Europe – The European Commission has presented a proposal for new shipbreaking legislation, which focuses on EU-registered vessels. If accepted, owners of large commercial ships will be required to maintain a certified inventory of any hazardous materials.
Bidding to implement a more stringent environmental approach in order to identify illegally scrapped vessels more easily, the Commission intends to adopt several legislative measures – all of which are based on the 2009 Hong Kong Convention covering ship recycling. Some existing requirements are even set to be extended.

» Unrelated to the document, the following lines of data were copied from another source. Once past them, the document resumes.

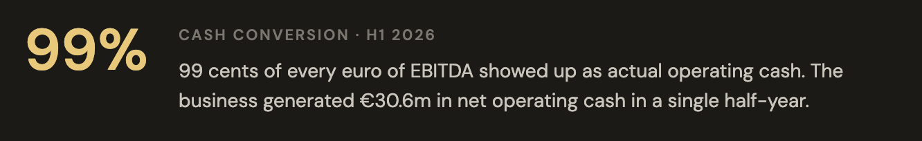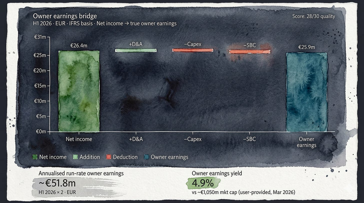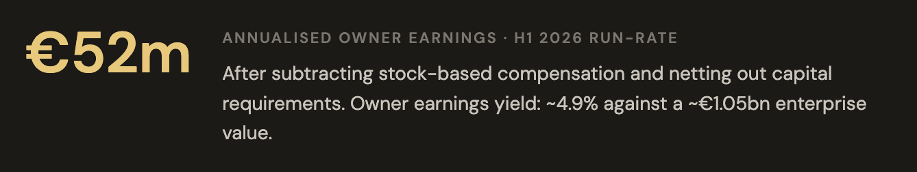 Strip out stock compensation as the real cost it is, net out the minimal capital requirements, and owner earnings come to roughly €52m annualised. Against an enterprise value (EV) of approximately €1.05bn, that is a 4.9% yield on a business moving to zero debt with 99% cash conversion.
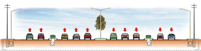 ภาพจำลองถนนราชพฤกษ์เมื่อสร้างเสร็จ 10 ช่องจราจร (วิ่งด้านละ 5 เลน)
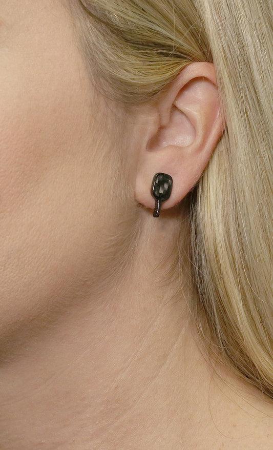 Black Stainless Steel Carbon Fiber Pickleball Paddle Stud Earrings
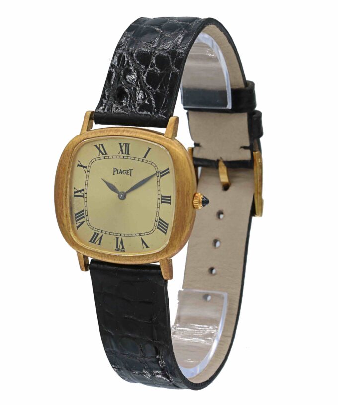 Piaget Lady in oro giallo 18kt, referenza 9453, quadrante champagne con numeri romani, vetro plexi, movimento meccanico a carica manuale. Anni ’70 con scatola e garanzia originale.
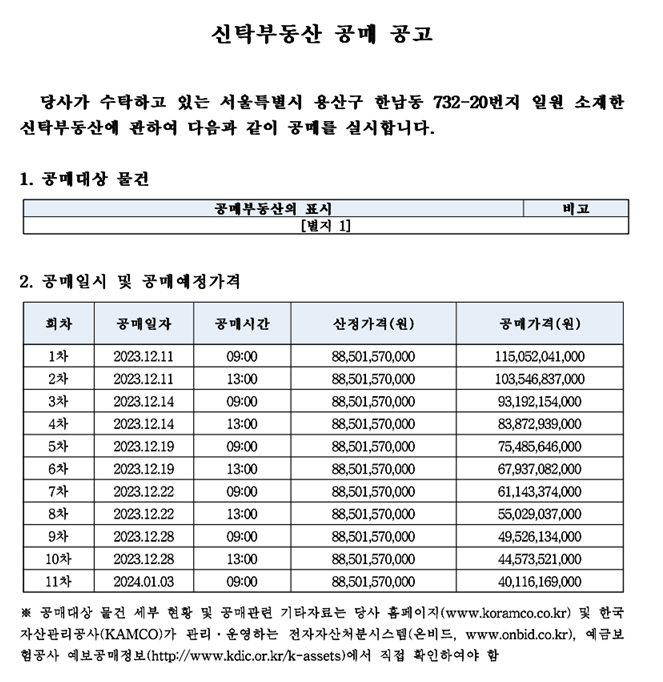 - 공매장소 : 한국자산관리공사(KAMCO)가 관리·운영하는 전자자산처분시스템 (온비드, www.onbid.co.kr)(1588-5321)

Key impacts on the industry would include careful tracking of dangerous on-board substances such as asbestos, PCBs and oil sludge, and a requirement to reduce these levels before the vessel is subjected to the recycling process. Moreover, any of the companies involved would be required to contact member states if a ship is to be scrapped and would be held responsible for ensuring this takes place in an EU-approved facility.
The listed demands would be expected to cost ship owners around Euro 22 million in 2015 and a total of Euro 112 million by 2020. The Commission does not see this as a cause for objection as it believes industry costs will drop significantly once the Hong Kong Convention enters force.
The European Commission emphasises that small, non-ocean-going ships and military vessels will not be subject to the new regulation, as they are commonly dismantled in the EU or in OECD countries.